Welcome to Shelbyville
Welcome to Shelbyville is a glimpse of America at a crossroads. In one small town in the heart of America's Bible Belt in the South, a community grapples with rapidly changing demographics. Just a stone's throw away from Pulaski, Tennessee (the birthplace of the Ku Klux Klan), longtime African-American and White residents are challenged with how best to integrate with a growing Latino population and the more recent arrival of hundreds of Somali refugees of Muslim faith.
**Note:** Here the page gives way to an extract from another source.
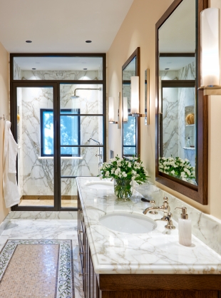 The style moves from whimsical to "girlie", from traditional to eclectic. Throughout we have incorporated the finest fittings, fixtures, hardware and finishes. Lighting is comprehensive and elegantly folded into the ceiling. Honed and polished Italian marble, limestone, volcanic tiles and rough hewn posts and beams give character to this once rather plain home.

Set on the eve of the 2008 US Presidential election, the film captures the interaction between these residents as they navigate new waters against the backdrop of a tumultuous year. The economy is in crisis, factories are closing, and jobs are hard to find. The local Tyson chicken plant is hiring hundreds of new Somali refugees, and when a local reporter initiates a series of articles about these newcomers, a flurry of controversy and debate erupts within the town. Just as the Latino population grapples with its own immigrant identity, African-American residents look back at their segregated past and balance perceived threats to their livelihood and security against the values that they learned through their own long struggle for civil rights. While the newcomers, mostly of Muslim faith, attempt to make new lives for themselves and their children, leaders in this deeply religious community attempt to guide their congregations through this period of unprecedented change.
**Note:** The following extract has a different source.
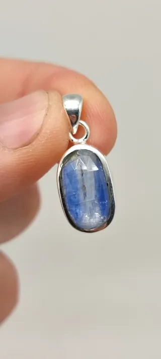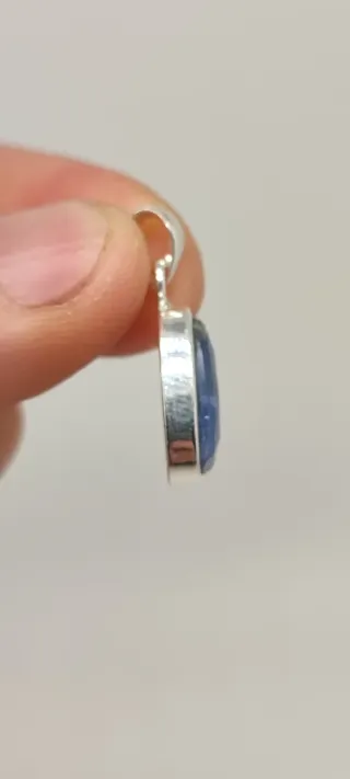 Precioso colgante de plata de ley 925 y cianita azul. Medida 2,6×1 cm con el engarce. Se entrega con bolsita para regalo.

Through the vibrant and colorful characters of Shelbyville, the film explores immigrant integration and the interplay between race, religion and identity in this dynamic dialogue. The story is an intimate portrayal of a community’s struggle to understand what it means to be American.
Trailer
Credits
Director//Producer/Writer: Kim A. Snyder
Executive Producer: Ellen Schneider
Cinematographer: Greg Poschman
Editor: Jeremiah Zagar
Total Running Time: 70 min.
Website: www.becausefoundation.org/films
Press
Tunji Ajibade, When the US Mission Brought 'Everyday Americans' to Nigeria, The Will, Aug 14, 2010
About The Filmmaker
KIM A. SNYDER is an award-winning documentary filmmaker who most recently co-founded the BeCause Foundation to produce a series of documentaries and inspire social activism through the power of film. The first three short films of the BeCause series--Alone No Love; One Bridge to the Next; Crossing Midnight--have won numerous festival awards and have been the catalyst for campaigns that have significantly furthered the work of the social innovators they highlight. One Bridge to the Next was also selected to be part of the US State Department’s 2009 American Documentary Showcase, which was screened through US embassies worldwide.
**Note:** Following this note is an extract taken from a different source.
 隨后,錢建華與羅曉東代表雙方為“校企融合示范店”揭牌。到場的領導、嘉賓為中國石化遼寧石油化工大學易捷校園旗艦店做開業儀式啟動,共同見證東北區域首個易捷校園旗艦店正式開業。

Snyder directed and produced the award-winning documentary I Remember Me, which won several festival awards and was distributed theatrically in the US by Zeitgeist Films. She has produced over a dozen short documentaries and has written numerous articles for Variety. In 1994, Snyder associate-produced the Academy Award-winning short film Trevor, directed and produced by Peggy Rajski, which became the cornerstone of The Trevor Project, a national nonprofit organization dedicated to suicide prevention among gay youth. Snyder served on the admissions review committee for New York University’s Graduate Film Program, and has been a producer’s rep for several critically acclaimed foreign films including Crows (New Yorker Films), directed by Dorota Kedzierzawska. Snyder graduated with a masters degree in international affairs from the Johns Hopkins School of Advanced International Studies.